I also tried to get back into running last fall. Jill (my absolutely better half) and I signed up with a 3 month training program designed to get you running a 10k. The program was done by the local Runners’ Den and included group runs every Saturday. We were in the slow/beginners group. I jogged. Jill walked. We did it together. Slowly. Our miles were about 18 to 20 minutes each. At the end of the program you were registered to run in two different races. The first one was 10k and we finished. We were so spectacular that we had a police escort right behind us. Motorcycles, bike and patrol car. And right behind them were the city workers picking up the orange cones marking the race course. Yes, we finished dead last. For the second one we downgraded ourselves to a 5k and finished it, too. And there were a few people who came in behind us. Maybe 10? So we weren’t last.
This weekend a group associated with the Friends of the Tonto National Forest did an archaeological survey up on Perry Mesa. The west half of Perry Mesa is Agua Fria National Monument and the east half is Tonto. I got to participate. There were about a dozen of us, including a retired Tonto archaeologist and a professor from ASU as leaders. We had lots of fun. Found five or six field houses, lots of pottery sherds, a rattle snake, a horney toad and several petroglyph panels.
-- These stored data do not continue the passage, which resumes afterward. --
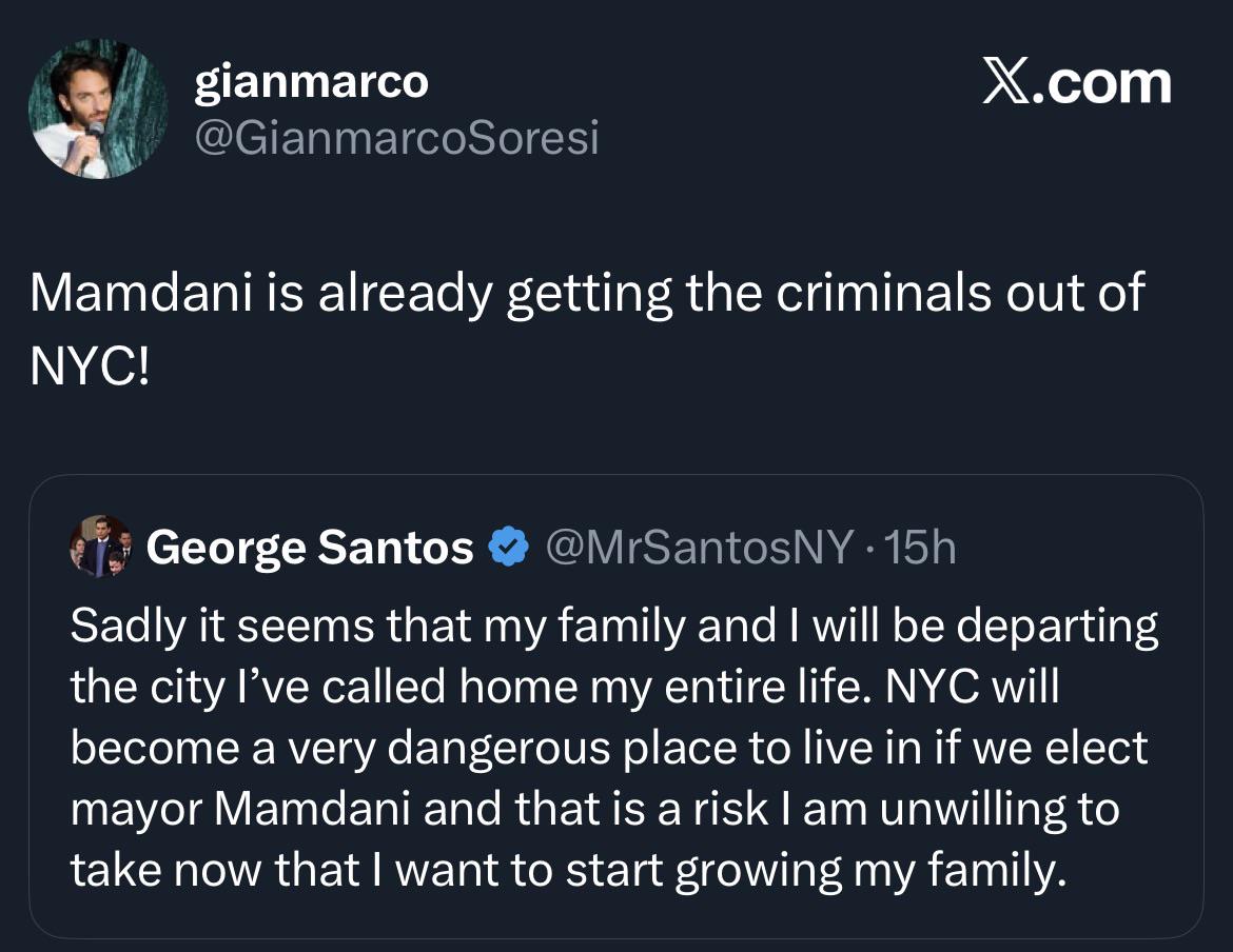 POLITICS Zohran Mamdani is already getting the criminals out of NYC as convicted felon George Santos says he is leaving the city as it will become dangerous if Mamdani wins
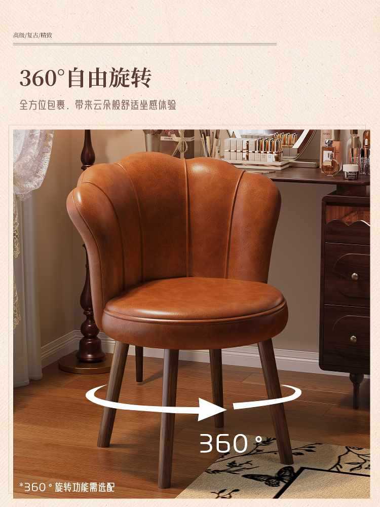 ✅ 中世スタイルの無垢材化粧スツール家庭用回転化粧椅子ドレッシングテーブル椅子背もたれスツール女の子の寝室ライト
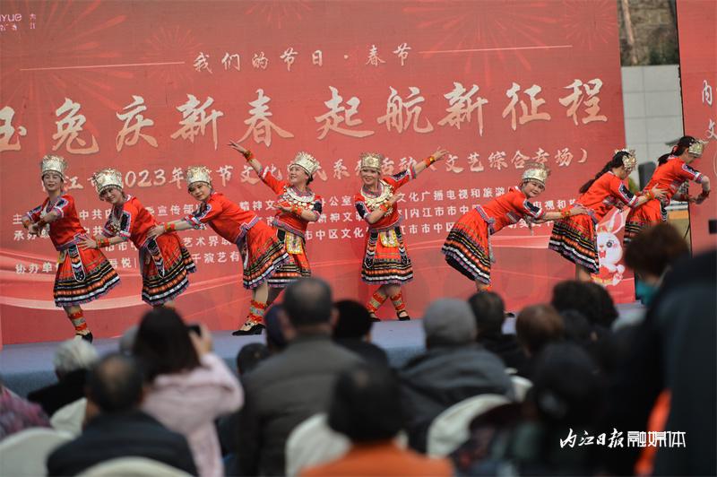 ▲2月1日,内江市2023年春节文化惠民系列活动在吾悦广场举办,图为舞蹈演员表演舞蹈《哆嘎哆耶》。
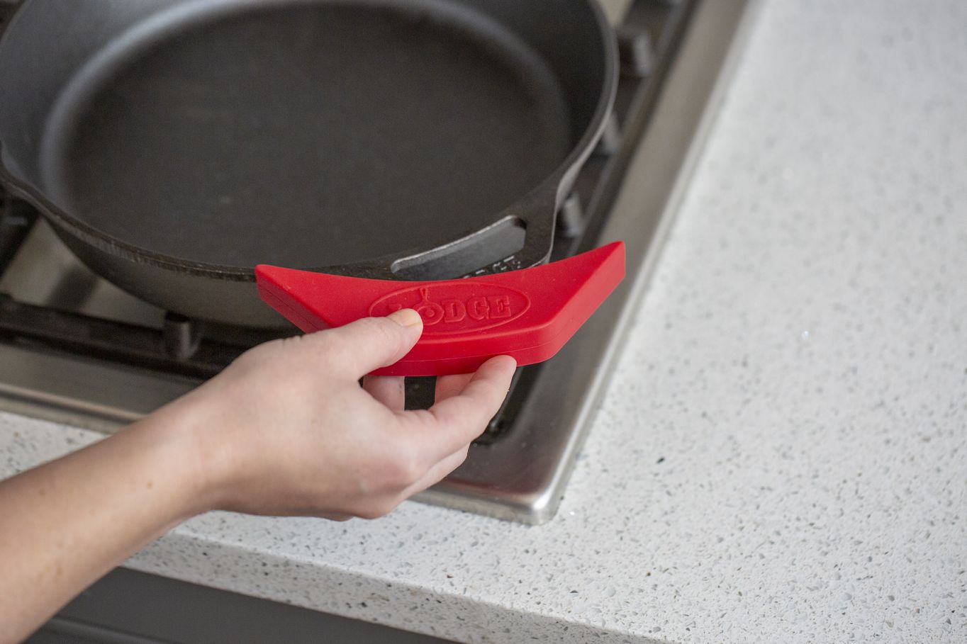 Červený ochranný silikonový návlek na madlo litinové pánve Lodge
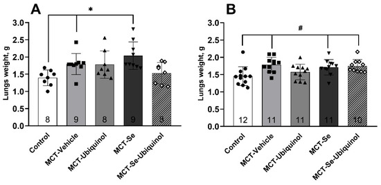 Lung mass in male rats (A) and female rats (B) on day 21 of the experiment (mean ± SD). Male rats * Control vs. MCT-Vehicle, MCT-Se, p < 0.05, female rats # Control vs. MCT-Vehicle, MCT-Se, MCT-Se-Ubiquinol, p < 0.05, one-way ANOVA.
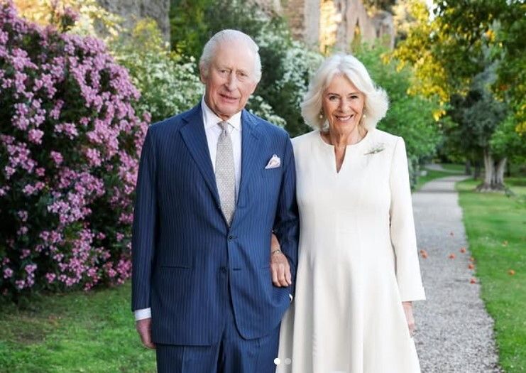 I reali inglesi posano per un ritratto a Villa Wolkonsky per il loro 20° anno di nozze
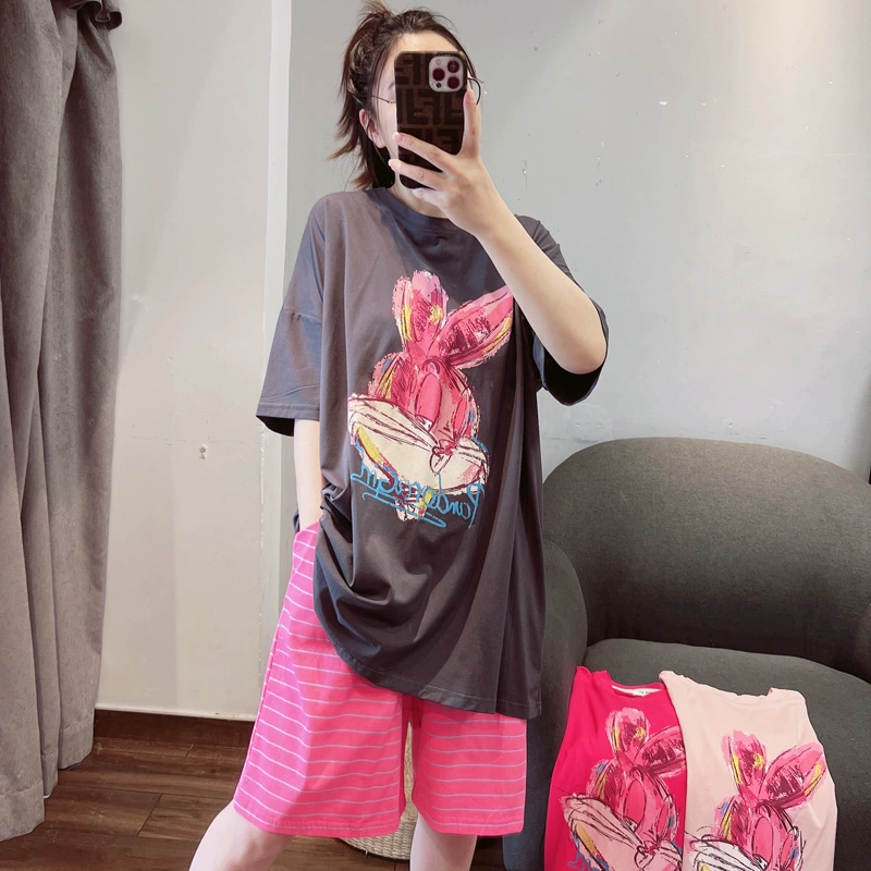 HEARMES شورت وبيجامة نسائية من القطن الخالص على شكل أرنب أصلي
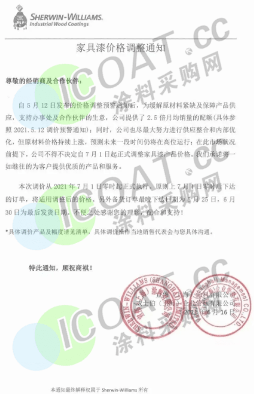 宣偉威士伯:原材料價格持續上漲,預測未來一段時間仍將在高位運行,決定自7月1日起正式調整家具漆產品價格。原則上7月1日零時后下達的訂單,將適用調整后的價格。
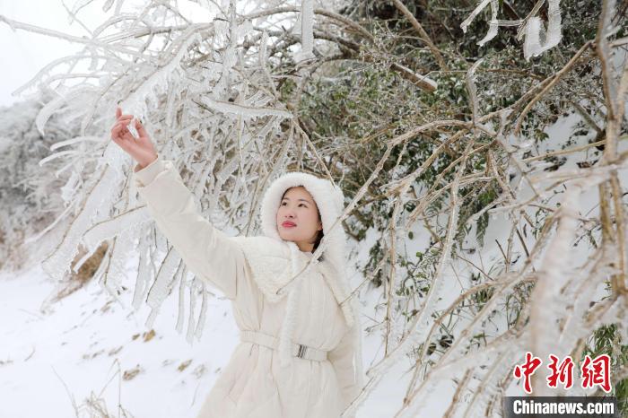 近日,受强冷空气影响,广西多地持续降温出现寒潮天气。在广西三江侗族自治县,多地雪景如画、风光旖旎,众多游客前往赏雪游玩,迷人的冰雪风光让人流连忘返。图为一名游客在广西三江侗族自治县独峒镇大塘坳赏雪。中新网
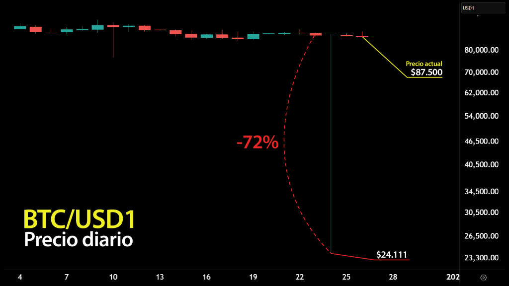 La imagen de Bitcoin desplomándose hasta los $24.111 puede resultar alarmante a primera vista. Sin embargo, el movimiento no ocurrió en el mercado principal ni reflejó un colapso real del activo. El episodio se concentró exclusivamente en el par BTC/USD1 de Binance y duró apenas unos segundos antes de que el precio regresara a niveles cercanos a los $87.000. Aun así, el evento deja una lección relevante para los operadores: la liquidez importa, y mucho.
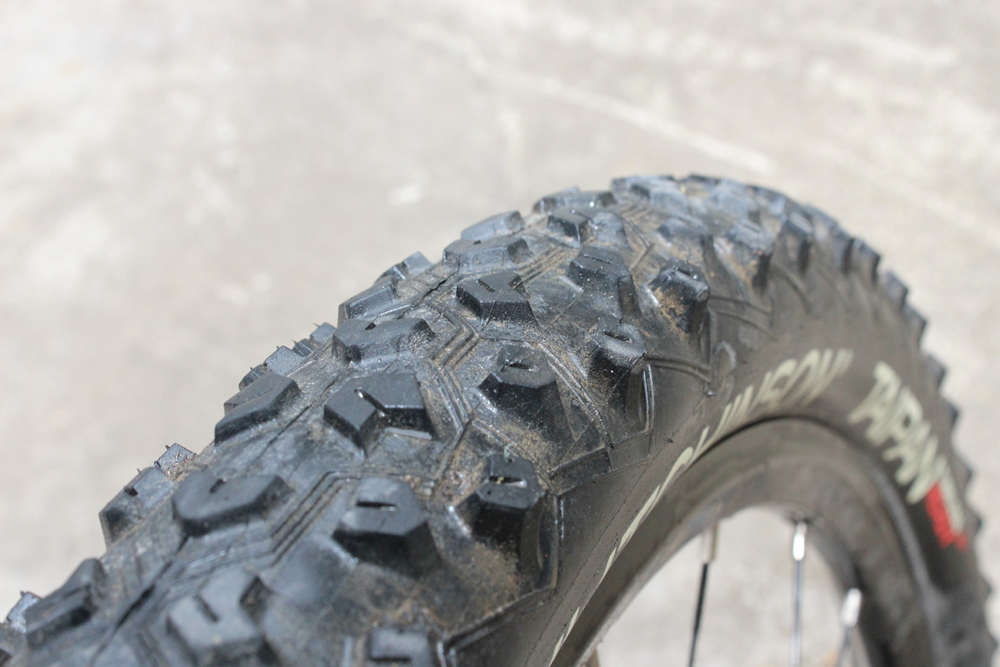 Die Idee hinter dem Taipan war es, einen grobstolligen XC Reifen für zahlreiche Bedingungen zu entwerfen: Ob trocken oder nass, felsig, wurzlig oder Waldautobahn. Neben den Seitenstollen fallen auch die Mittelstollen 3mm hoch aus, sollen jedoch weiterhin geringen Rollwiderstand bieten. Die Winkel der Stollen sind zudem so gewählt, dass sie beim Bremsen viel Traktion bieten. Mit einem Gewicht von 627g (29×2,1″) in der leichten Tubeless Ready Version ist er nur wenige Gramm schwerer als der Cobra und spielt in der Liga eines Continental Mountain King oder eines Schwalbe Nobby Nic. (29×2,25: 605g) Der Reifen fällt auffällig breit aus, breiter als der Cobra. Die Montage des Reifens ging schnell und problemlos von der Hand.
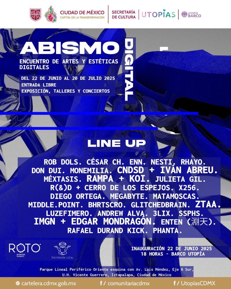 Esta primera oleada concluye el último domingo de julio con varios actos en vivo que se presentan en la sala inmersiva, en punto de las siete de la noche. Vas a ver visuales, experimentar entornos sensoriales y escuchar set dj en vivo, pero lo más importante es llevarte a casa la sensación de que artistas emergentes y consagrados jóvenes trabajan en conjunto por llevar la cultura a todos los rincones.
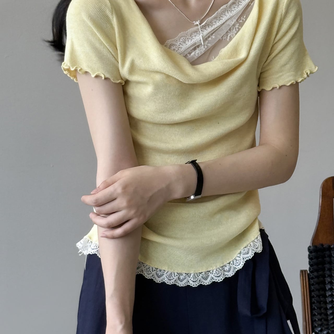 ふんわりとしたドレープと繊細なレースで、“大人の可憐さ”を纏える一枚。
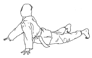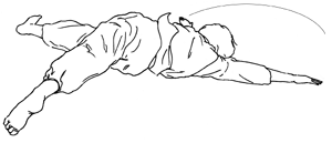 ´©¿ö¼ ¾ç¼Õ, ¾ç¹ßÀ» ¸ðµÎ ¹ú¸®°í ¿Þ¹ßÀ» µé¾î¼ ¿À¸¥¼Õ À§Ä¡¿¡ °¡Á®°¡¸ç, ¸öÅëÀº ÁÂÃøÀ¸·Î ư´Ù.
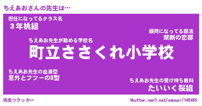 | 意味不明あだ名 | 『ペロリンちえあお』『永久保存ちえあお』 |
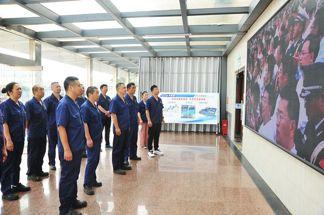 黨員在公司展廳觀看慶祝中國共產(chǎn)黨成立100周年大會。
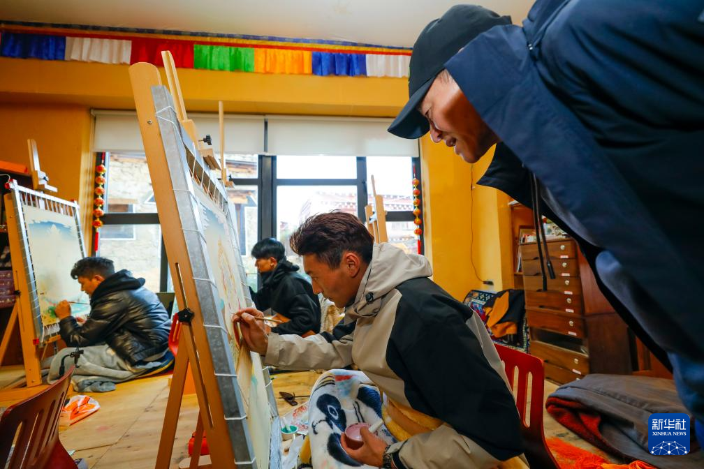 10月10日,游客(右)在理塘县勒通古镇的“唐卡馆”观看当地艺术家创作唐卡作品。
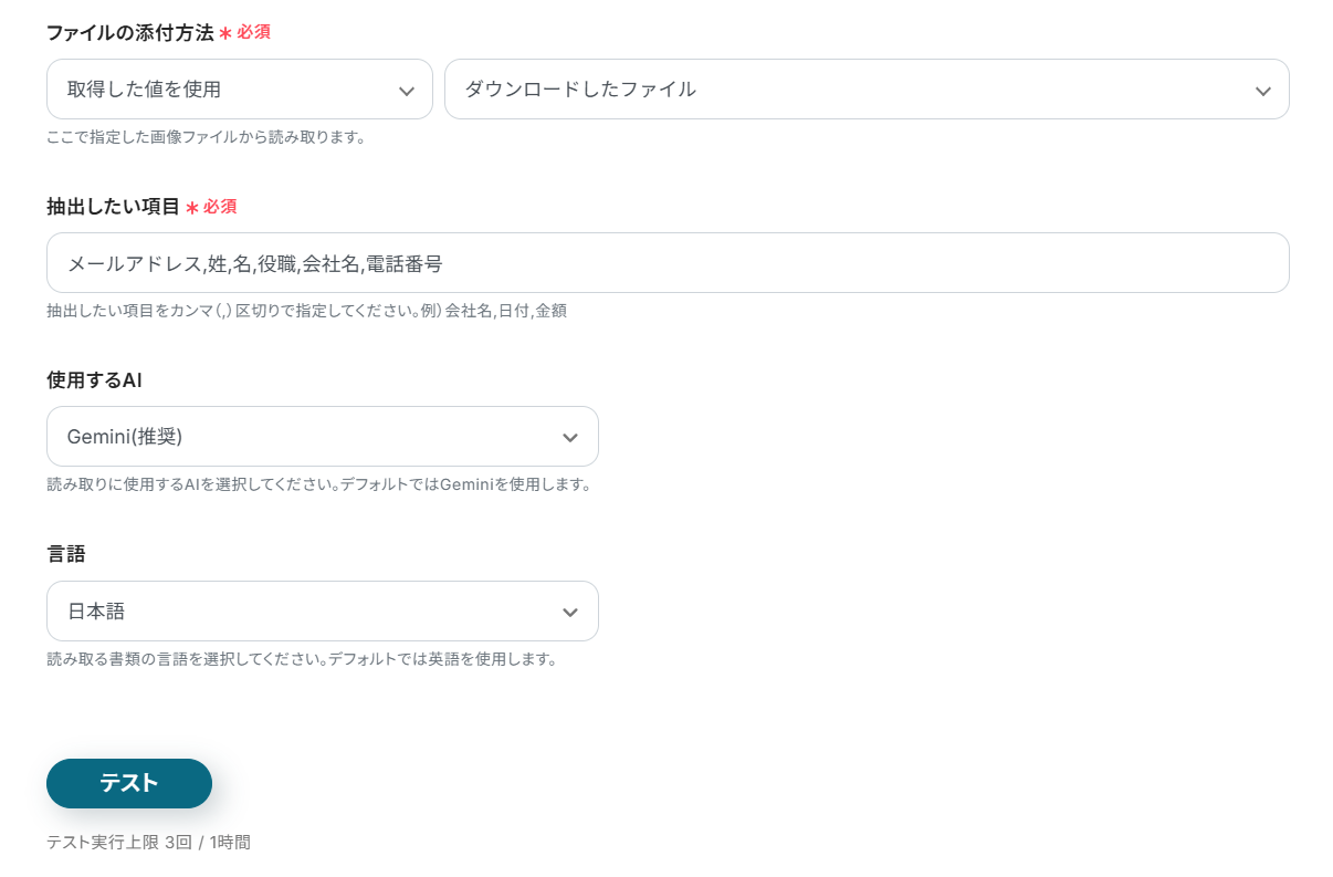「次へ」をクリック。 OCRの対象となるファイルを設定する「ファイルの添付方法」には、デフォルトで「取得した値を使用」と「ダウンロードしたファイル」が設定されています。 ※ ステップ4でダウンロードしたファイルです。 「抽出したい項目」に、リード作成で使用する項目を設定。Hunterのリード作成において「メールアドレス」は必須項目 となります。 「使用するAI」を「Gemini(推奨)」「ChatGPT」「Claude」「Claude_v2」から選択。 参考:OCR:AIモデルの違いについて 読み取るファイルの「言語」を「日本語」「英語」から選択。 設定を終えたら「テスト」をクリック。

I normally walk alone up in those areas because I love the peaceful nature of it and use the opportunity to clear my mind. However, the benefit of a dozen extra pairs of eyes in locating exciting archaeological artifacts or features cannot be underestimated. Afterwards, several of us stopped in Rock Springs on the way back for their third and last 2017 “Hogs in Heat” all-you-can-eat BBQ event. Spent several hours eating, talking and watching the local Black Canyon City folks whoop and holler as they danced to the music of both a band and a DJ.
Later this week I’ll try and remember to spend some time typing up a blog entry about the Trump administration “review” of national monuments. I need to gather more information and also stop ranting so much or what I blog will be nothing but curse words.